Assessing normality from each of the above two plots is quite simple. For a histogram, we want to see symmetry about the mean and fairly even tails. For a boxplot, we want fairly even whisker lengths (which are associated to the tails of a normal distribution). In addition, in both cases, we do not want to see any outliers, nor skewed data. If the data is right skewed, then we will notice that most of bars on the histogram will be condensed to the left, and that there will be a longer upper whisker on the boxplot. In our example, considering that the data used to generate the above plots was directly sampled from a normal distribution, it makes sense that the generated plots meet normality.

Once we have concluded that our data is approximately normal, we need to decide which two sample t-test to use as there are further assumptions to check. This decision is based on whether the compared two groups have equal spreads/variances or not. To evaluate this, we will look at boxplots of both groups. If the spreads are the same, the interquartile range ( IQR) for both boxplots will be approximately the same.

The most common hypothesis test is a t-test. However, a t-test (similarly to other tests) comes with assumptions, and if these assumption are not met, the results will not make sense. We must chose the appropriate test to use based on the distribution of the data, in addition to the number of groups being compared in the data. Most of the tests mentioned bellow are accessible through Python’s Scipy library.

T-Tests
If we conclude that the data has approximate normality, we can then use a t-test. There is the one-sample t-test and two types of two sample t-tests: pooled t-test (for equal variance) and Welch-Satterthwaite t-test (for unequal variance). Another case of a t-test is when we have two samples that are related to each other i.e. the matched pairs situation, where we will use a paired t-test.

For a one sample t-test, the null hypothesis H₀ is “the mean is equal to/greater than/less than θ₀ ” vs. the alternative hypothesis Ha that “the mean is not equal to/less than/greater θ₀ ” in those respective orders.

from scipy import stats # one sample t-test (two-sided) stats.ttest_1samp(group1, null_mean)
For a two sample t-test (where the samples are independent), H₀ is “the mean of group A is equal to/greater than/less than the mean of group B”. In the two sample case, each of the groups needs to meet approximate normality. Moreover, we need to assess the variances of both groups to decide which two sample t-test to use. The default is for unequal variance.

from scipy import stats # two sample t-test (two-sided) stats.ttest_ind(group1, group2, equal_var=True) #for Pooled
For a matched pairs t-test, H₀ is “the mean of both groups are equal” or “ the true difference between the means of both groups is 0”. Here, the difference between both groups must be approximately normal.

from scipy import stats # matched pairs t-test stats.ttest_rel(group1, group2)
ANOVA
When each independent group is approximately normal, and are comparing three or more groups of independent observations, we must use an analysis of variance (ANOVA).
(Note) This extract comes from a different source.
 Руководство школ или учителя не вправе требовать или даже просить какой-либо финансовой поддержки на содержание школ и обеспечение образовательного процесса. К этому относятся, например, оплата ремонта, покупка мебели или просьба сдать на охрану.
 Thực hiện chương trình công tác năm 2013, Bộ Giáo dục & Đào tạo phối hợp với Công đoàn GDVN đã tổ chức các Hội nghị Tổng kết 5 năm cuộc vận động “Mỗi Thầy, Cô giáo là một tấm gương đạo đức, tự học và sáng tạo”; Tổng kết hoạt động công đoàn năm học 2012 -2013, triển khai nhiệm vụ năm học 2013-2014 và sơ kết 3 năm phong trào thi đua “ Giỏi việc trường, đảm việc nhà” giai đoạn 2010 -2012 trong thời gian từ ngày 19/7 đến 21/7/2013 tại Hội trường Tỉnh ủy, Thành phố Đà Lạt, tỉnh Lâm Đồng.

ANOVA has as H₀ “all groups have the same mean” vs. Ha “at least one group has a different mean from the others”.

Again, as with t-test, we need to check for equal variance between the groups. If the spreads between the groups are equal, we can proceed with regular one-way ANOVA. If the spreads between the groups are not equal, we will need to use Welch ANOVA. This latter test is available through Python’s Pingouin library.

from scipy import stats # one-way ANOVA stats.f_oneway(group1, group2, group3, ...)
Notice that this test will not let us know where the difference is, and so we must do further testing to find which group differs from the rest, if any. In the case of equal variance, we will continue the analysis with TukeyHSD test. And in the case of unequal variance, Games-Howell is the way to go.
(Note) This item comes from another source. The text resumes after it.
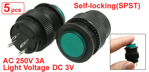 5 x 3A 250V AC SPST On/Off Latching NO Round Push Button Switch w Green Light

Sign Test & Mood’s Median Test
If we conclude that the data is not approximately normal, we cannot get any significant nor reliable results from using a t-test. We must then resort to a test that does not rely on the symmetry of the distribution. For a one sample test, we should resort to the sign test. Though when testing for two or more groups, we will use Mood’s median test. These test evaluate association between groups based on the median of the data instead of the mean. It is important to note that these median-based tests do not assume anything about the underlying distribution of the data.

The sign test has H₀ “the median is equal to/greater than/less than θ₀ “, while the null hypothesis for Mood’s median test is “the groups have the same (grand) median” vs. alternative hypothesis “one of the groups has median different than the grand median”.

from scipy import stats # Mood's median test stats.median_test(group1, group2, ..., ties)
Mood’s median test can be used for comparing two or more groups. So if we are comparing more than two groups, similarly to ANOVA, we need to find where the difference in medians occurs (if any). We do so with a pairwise median test.